Exercise input:
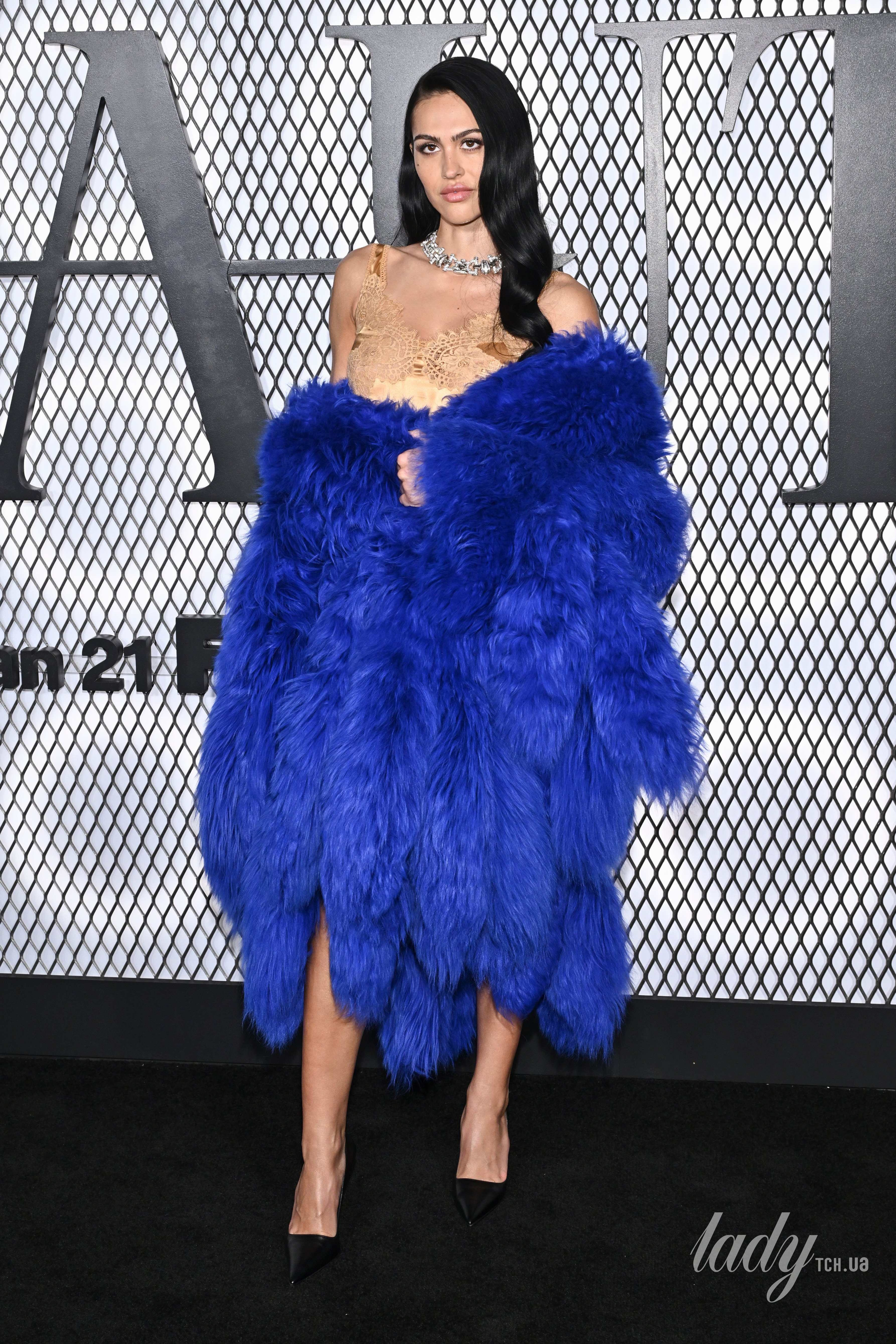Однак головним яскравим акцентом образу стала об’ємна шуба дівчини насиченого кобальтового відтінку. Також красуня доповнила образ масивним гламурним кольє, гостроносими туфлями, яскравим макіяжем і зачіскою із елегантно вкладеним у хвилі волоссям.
---
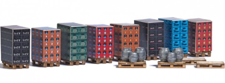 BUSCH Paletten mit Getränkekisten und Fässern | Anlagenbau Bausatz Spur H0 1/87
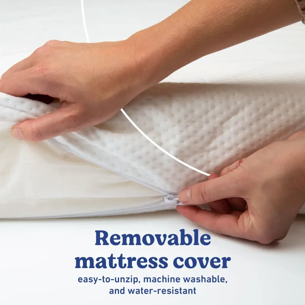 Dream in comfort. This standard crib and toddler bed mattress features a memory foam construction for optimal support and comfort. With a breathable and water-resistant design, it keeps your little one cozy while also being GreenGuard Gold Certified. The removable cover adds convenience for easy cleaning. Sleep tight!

Goal of the exercise:
Nothing but the lines from the one containing "BUSCH Paletten mit" through the one containing "Dream in comfort." should appear, copied exactly from the material above and without pictures.

Solved exercise:
 BUSCH Paletten mit Getränkekisten und Fässern | Anlagenbau Bausatz Spur H0 1/87
 Dream in comfort. This standard crib and toddler bed mattress features a memory foam construction for optimal support and comfort. With a breathable and water-resistant design, it keeps your little one cozy while also being GreenGuard Gold Certified. The removable cover adds convenience for easy cleaning. Sleep tight!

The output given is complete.